PROBLEM STATEMENT: Exactly as they appear, retype the lines from the one containing "கோல்ஃப் மைதானத்தில் மு" through the final line of the data below. Leave pictures out.
*** DATA SHOWN ***
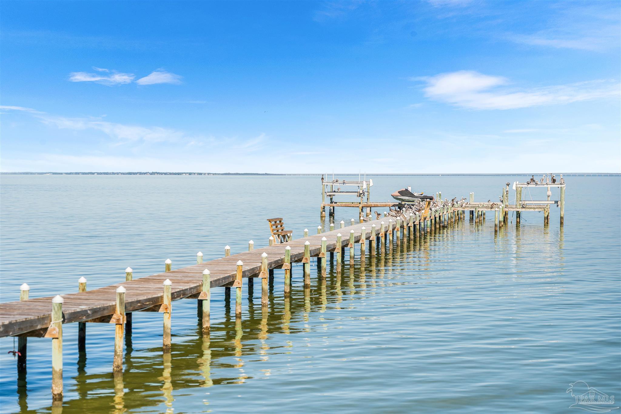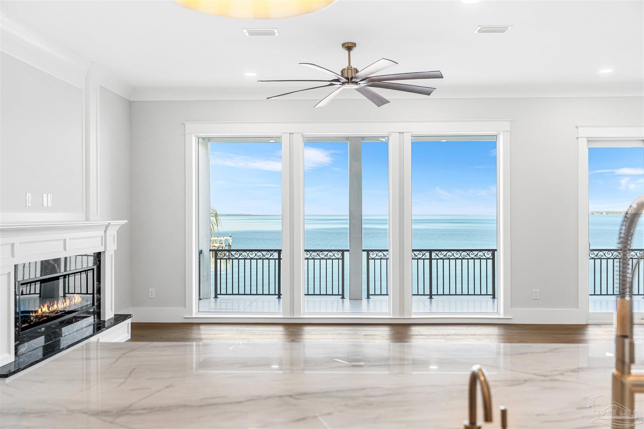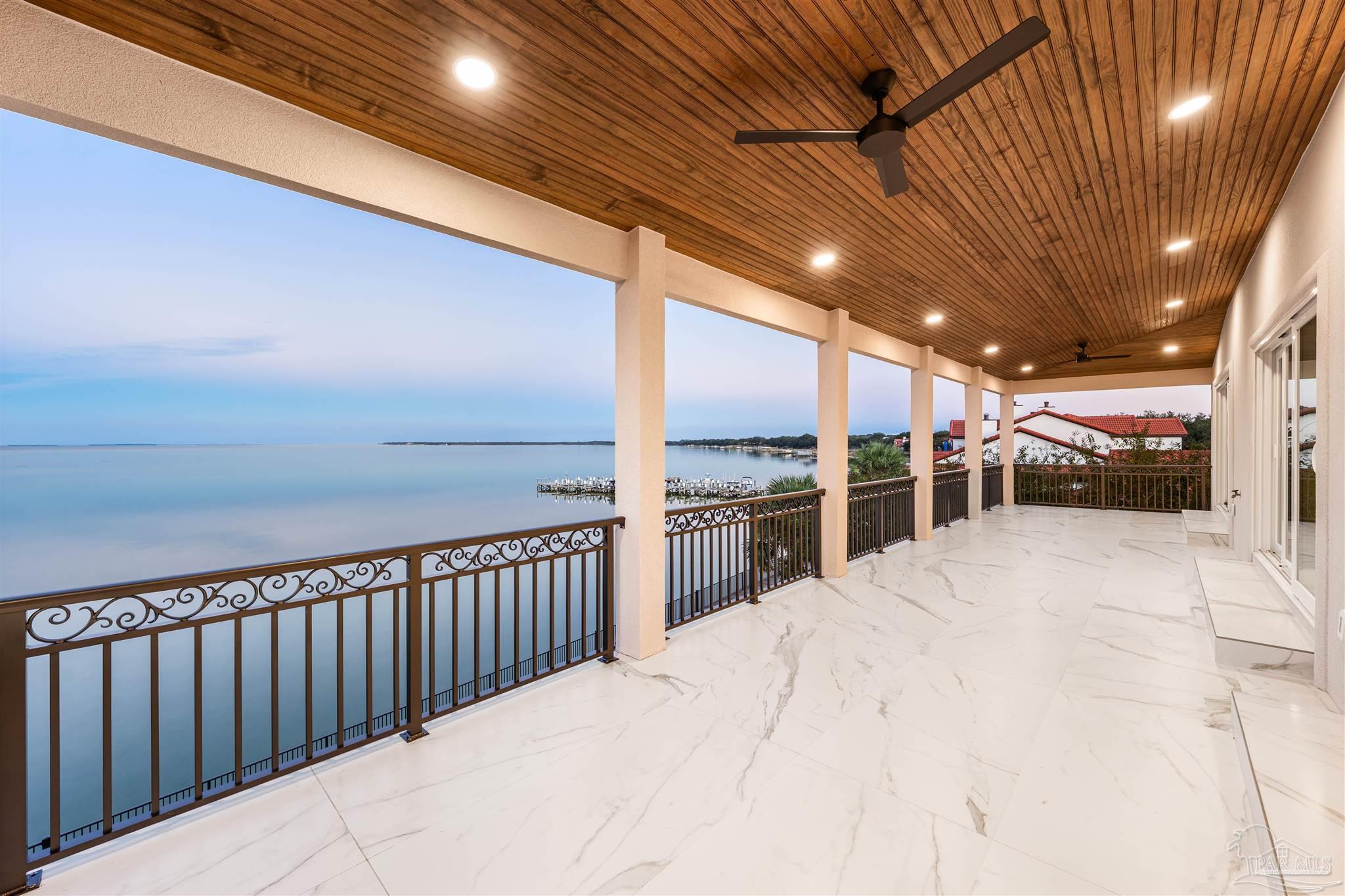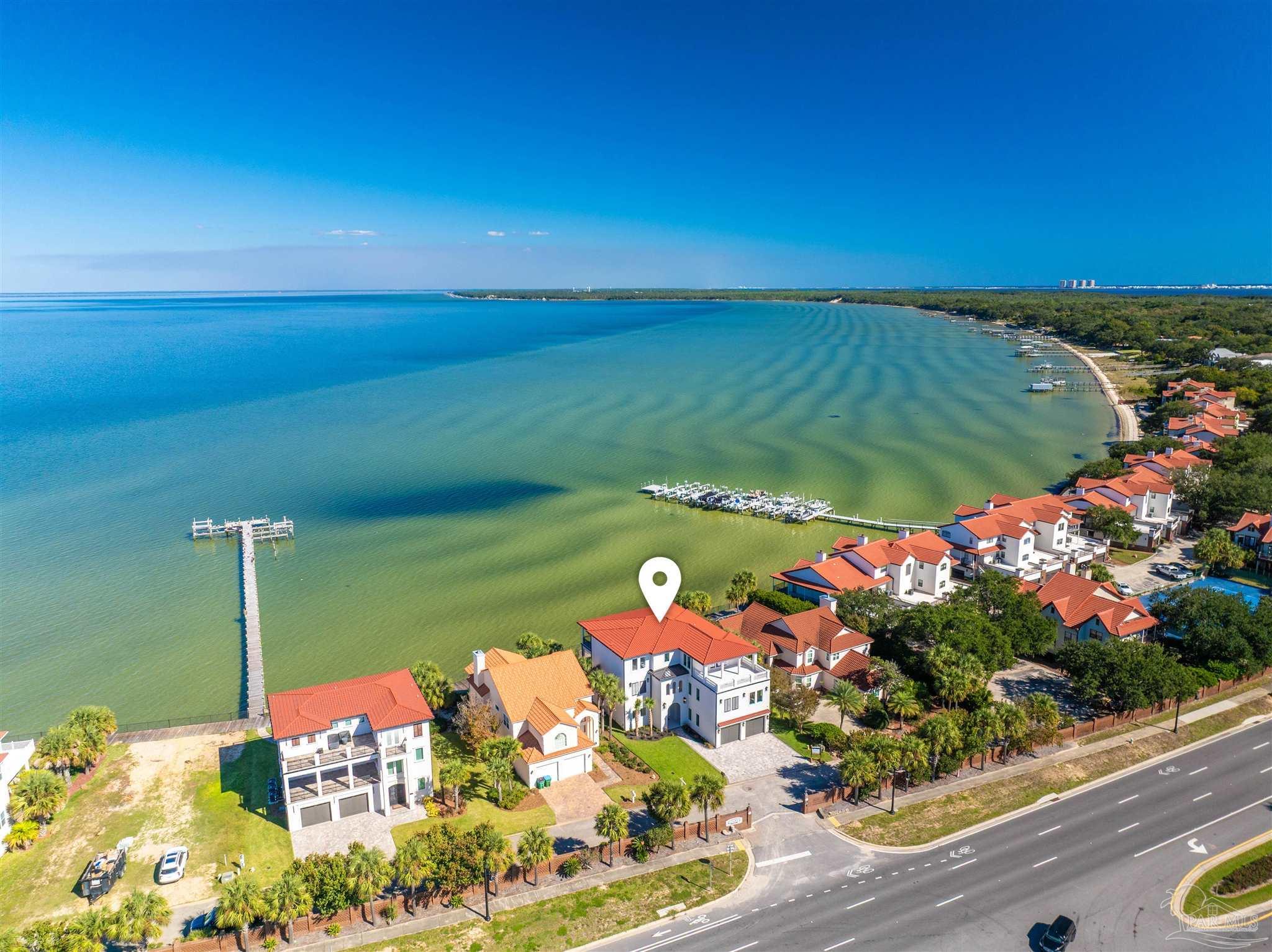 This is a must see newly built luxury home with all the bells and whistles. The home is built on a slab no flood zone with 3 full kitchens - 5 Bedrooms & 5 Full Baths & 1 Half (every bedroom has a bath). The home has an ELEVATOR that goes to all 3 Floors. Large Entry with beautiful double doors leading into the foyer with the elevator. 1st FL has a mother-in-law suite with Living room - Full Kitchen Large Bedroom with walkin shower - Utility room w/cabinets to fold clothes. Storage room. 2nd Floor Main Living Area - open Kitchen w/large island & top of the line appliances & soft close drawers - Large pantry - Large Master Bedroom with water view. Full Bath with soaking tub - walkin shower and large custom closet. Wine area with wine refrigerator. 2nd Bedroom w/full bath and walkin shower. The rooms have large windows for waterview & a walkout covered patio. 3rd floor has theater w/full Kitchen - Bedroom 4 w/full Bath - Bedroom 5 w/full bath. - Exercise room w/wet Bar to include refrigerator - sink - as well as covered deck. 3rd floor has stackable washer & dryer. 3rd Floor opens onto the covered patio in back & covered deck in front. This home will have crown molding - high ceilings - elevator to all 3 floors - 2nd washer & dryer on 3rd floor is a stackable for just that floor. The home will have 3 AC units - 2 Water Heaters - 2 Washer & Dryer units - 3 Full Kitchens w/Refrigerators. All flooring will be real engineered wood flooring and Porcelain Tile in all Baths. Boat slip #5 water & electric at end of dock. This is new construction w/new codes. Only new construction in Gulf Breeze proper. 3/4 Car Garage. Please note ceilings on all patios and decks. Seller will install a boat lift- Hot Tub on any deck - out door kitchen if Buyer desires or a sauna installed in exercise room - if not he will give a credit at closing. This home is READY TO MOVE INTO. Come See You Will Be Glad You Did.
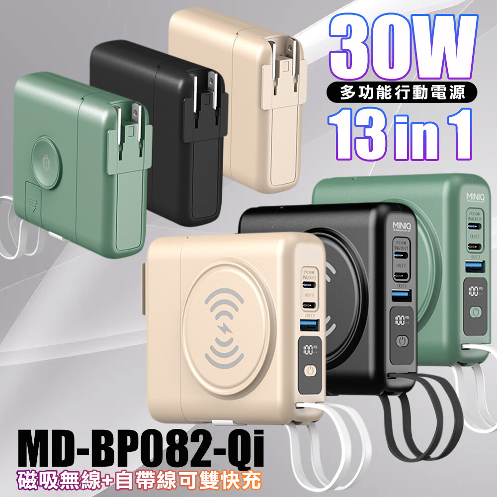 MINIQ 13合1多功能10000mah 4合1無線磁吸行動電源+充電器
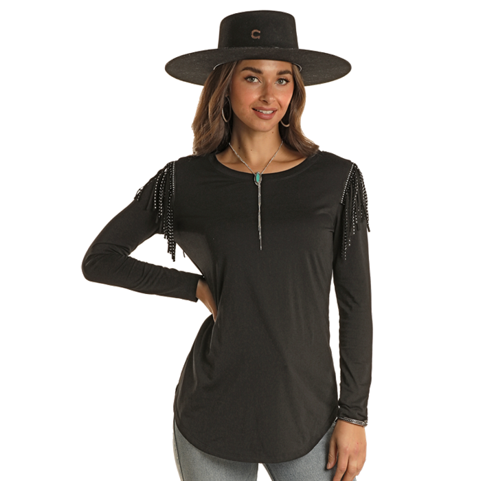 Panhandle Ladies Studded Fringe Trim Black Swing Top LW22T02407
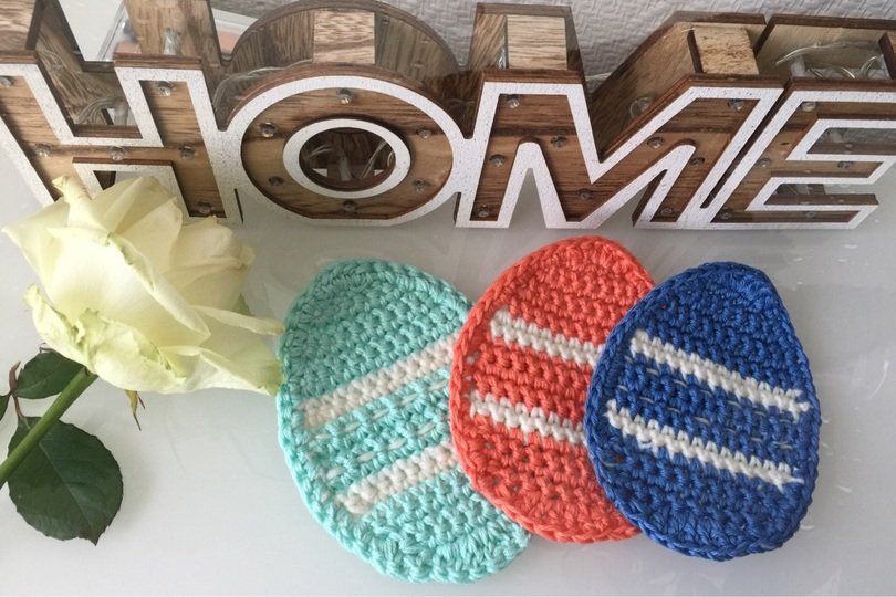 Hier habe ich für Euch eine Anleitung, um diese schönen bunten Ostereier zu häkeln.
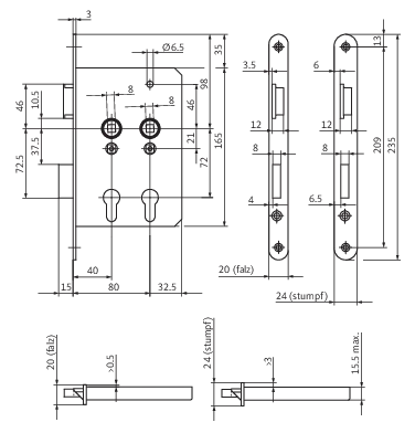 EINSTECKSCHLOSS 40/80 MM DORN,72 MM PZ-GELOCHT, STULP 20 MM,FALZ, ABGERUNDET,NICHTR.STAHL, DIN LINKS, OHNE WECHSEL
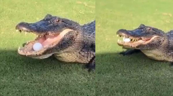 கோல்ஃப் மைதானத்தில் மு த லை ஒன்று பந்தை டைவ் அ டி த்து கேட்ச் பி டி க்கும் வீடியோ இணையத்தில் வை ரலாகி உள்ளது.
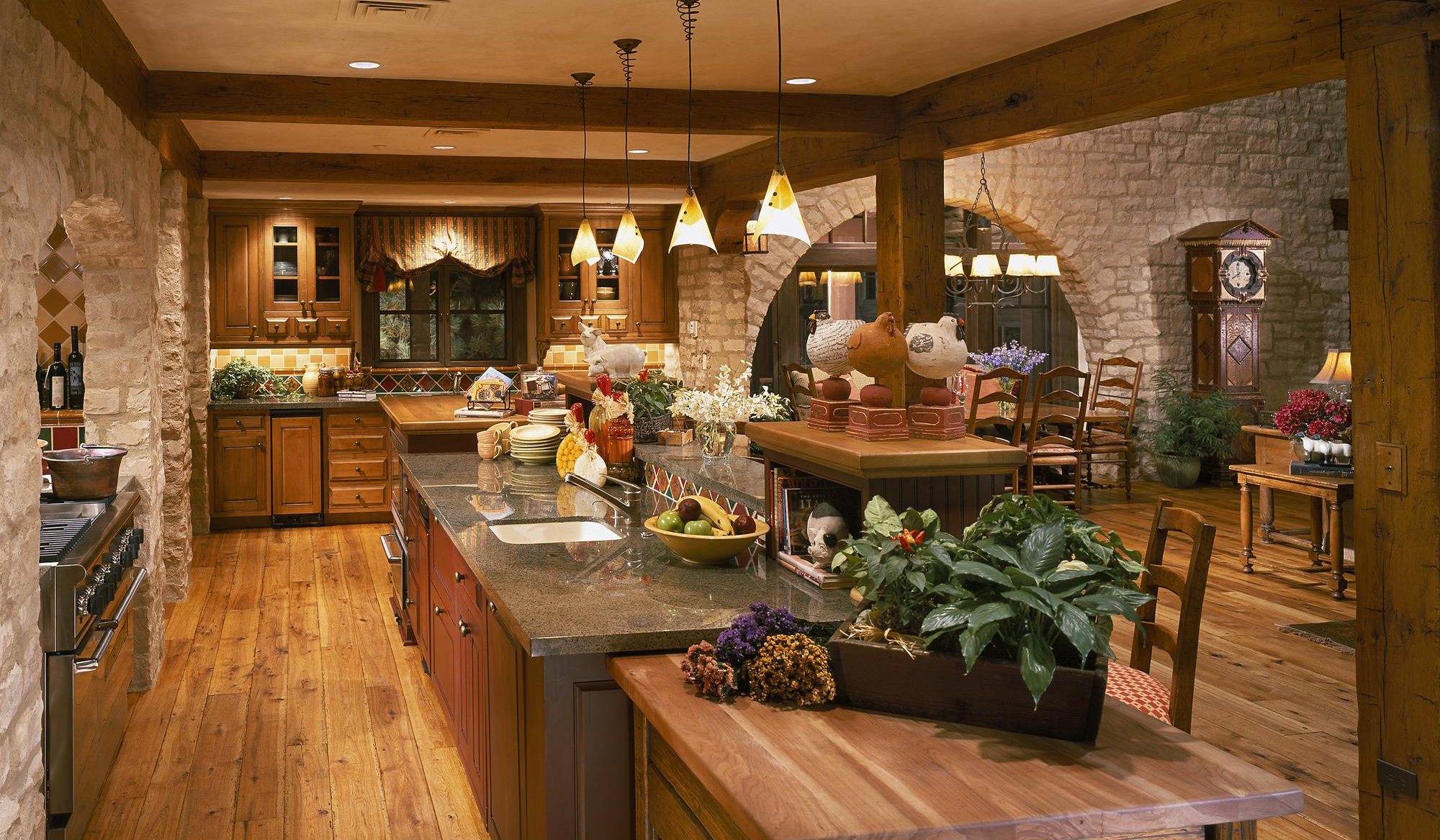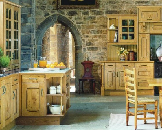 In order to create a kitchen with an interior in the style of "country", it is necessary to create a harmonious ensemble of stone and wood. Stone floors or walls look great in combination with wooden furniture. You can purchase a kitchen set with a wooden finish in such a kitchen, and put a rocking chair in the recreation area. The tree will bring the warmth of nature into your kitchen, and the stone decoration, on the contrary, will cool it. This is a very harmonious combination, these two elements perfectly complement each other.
***
TASK SOLUTION:
 கோல்ஃப் மைதானத்தில் மு த லை ஒன்று பந்தை டைவ் அ டி த்து கேட்ச் பி டி க்கும் வீடியோ இணையத்தில் வை ரலாகி உள்ளது.
 In order to create a kitchen with an interior in the style of "country", it is necessary to create a harmonious ensemble of stone and wood. Stone floors or walls look great in combination with wooden furniture. You can purchase a kitchen set with a wooden finish in such a kitchen, and put a rocking chair in the recreation area. The tree will bring the warmth of nature into your kitchen, and the stone decoration, on the contrary, will cool it. This is a very harmonious combination, these two elements perfectly complement each other.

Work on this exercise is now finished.